Ironically, big business is driving the surge of tax revenue that both sides of politics are preparing to spend on voters at the looming federal election – yes, the same big companies that supposedly pay no tax. Led by the miners, including the coal miners, company tax has grown at twice the pace expected at the time of the May budget. Company tax accounts for half the projected revenue upgrade over the next four years – and the bigger part of the $9.2 billion election war chest the government included in Monday’s midyear economic and fiscal outlook.
The essential problem with this is, first, that the drawn-out task of budget repair has not yet been completed. Treasurer Josh Frydenberg has not yet actually delivered the first budget surplus since John Howard was prime minister. He’s still just forecasting one. And the treasurer who lost all grip on the nation’s finances, Wayne Swan – the treasurer that his prime minister Kevin Rudd since revealed was never up to the job – this week paraded his fantasy redistribution agenda in his new job as party president to the likely next Labor government. Second, even this uncompleted budget repair could easily be knocked off track by an overdue economic downturn that, unlike during the financial crisis a decade ago, would not have a sizeable surplus cushion to soften the blow and which would hit company profits and hiring.
Third, and most fundamentally, budget repair has failed to reverse the ratcheting up of government spending in the wake of the crisis. Even if nobody expects a return of the GFC, the lesson of the past 10 years is that budgets go off track easily but take years – even decades – to get back on the rails. After the political disaster of Tony Abbott and Joe Hockey’s 2014 budget, the Coalition largely raised the white flag on Labor’s spending monuments. Now it seeks to put a lid on the expansion of government by imposing a lid – 23.9 per cent of GDP – on how much of national income can be expropriated in tax. Labor let spending as a percentage of GDP blow out from 23.7 percent on taking office in 2007-2008 to 26 per cent by 2013-2014. But in six years of government, the Coalition has barely pulled that back: it will be 25.4 per cent this financial year, and still only 24.7 per cent in 2021-2022. Scott Morrison’s first budget in 2016 was a me-too affair that followed Labor’s lead on education and disability spending funded by a populist extra tax on the banks.

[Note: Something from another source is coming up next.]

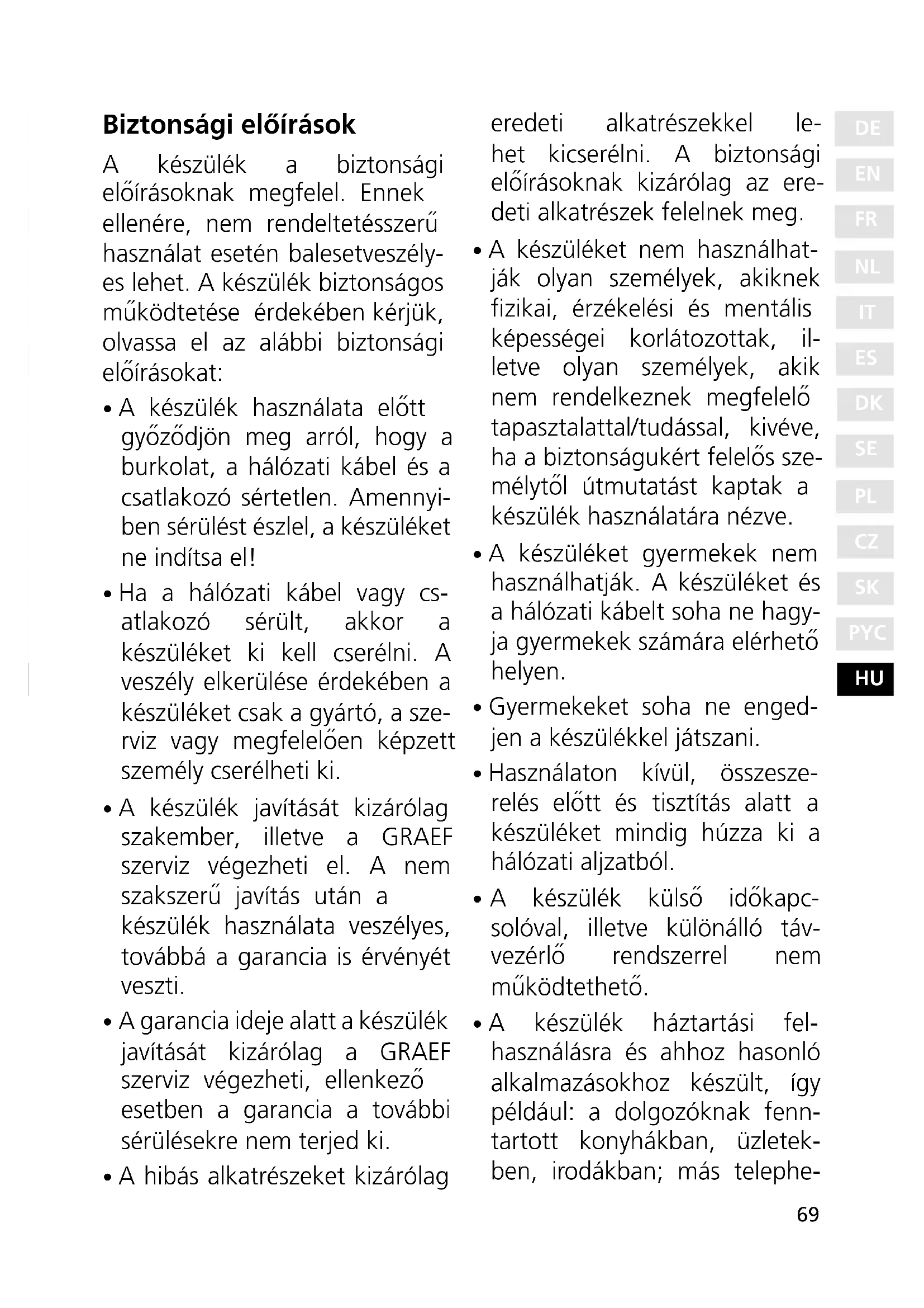 - A készülék javítását kizárólag szakember, illetve a GRAEF szerviz végezheti el. A nem szakszerű javítás után a készülék használata veszélyes, továbbá a garancia is érvényét veszti.
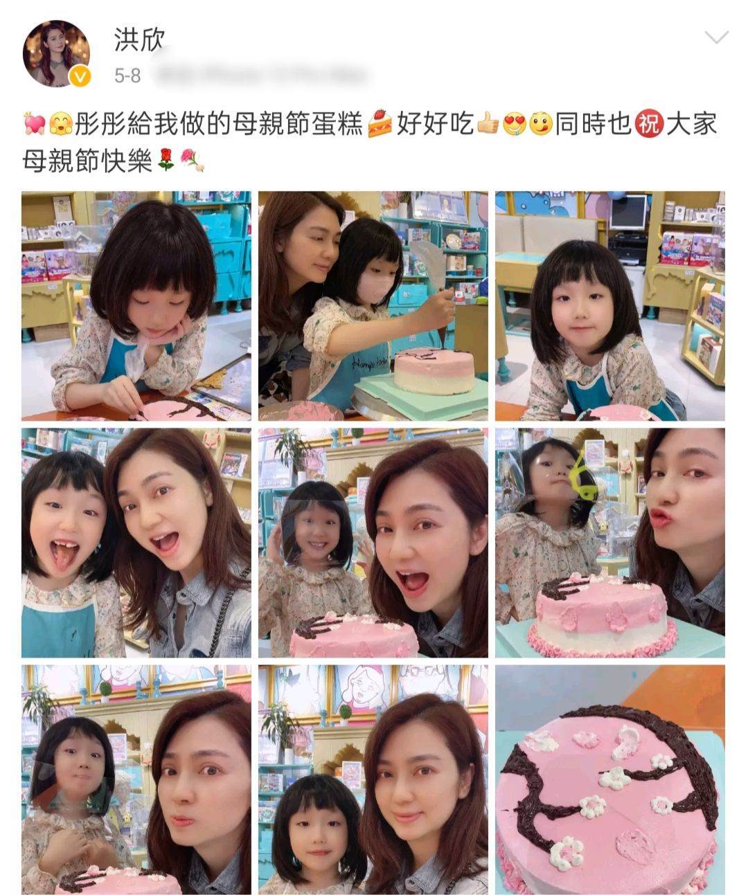 洪欣是一個很注重陪伴孩子的母親,所以經常花時間和孩子一起做各種各樣的事情。就在母親節的前一天,洪欣在個人社交平臺分享了女兒為自己做的蛋糕的照片並配文祝大家母親節快樂。照片中的洪欣與女兒沖著鏡頭擺出搞怪的表情,不難看出母女二人關係非常融洽。

Treasurer Josh Frydenberg has not yet actually delivered the first budget surplus since John Howard was prime minister. He’s still just forecasting one. MICK TSIKAS
With government spending ratcheted up, a creaky and inefficient tax system has to be pushed to the limit to raise the revenue required to fund it. Labor does not even have the brake of the Coalition’s self-imposed tax cap to hold it back its tax-spend-and-redistribute agenda. While increasing the overall tax take, Labor has sought to deliver tax cuts to middle and lower income taxpayers through rebates that complicate the tax system, rather than genuine reform to sharpen the incentives to work, save and invest. It’s problem is that fair dinkum tax cuts would flow through to those who already pay the most tax, and who Labor wants to slug more. But, because it has not been able to counter Labor’s spending fetish, the Coalition is struggling to lighten the tax burden holding back the economy. Even its foreshadowed new income tax cuts would likely hardly return bracket creep. Workers still face a rising average tax rate.
Rather than glib slogans promising a return to some lost fair go, the next Australian government should focus on seeking value for money in providing public services including health and education, sustaining a genuine social safety net and maintaining national security. It should pursue genuine tax reform to promote the economic growth that will deliver a bigger tax base that, in turn, will support such public services as Australia’s population ages. And it should anticipate the likelihood that, after 27 years on uninterrupted growth, Australia’s economy is overdue for a cyclical downturn that would quickly reverse the tortured past decade of budget repair.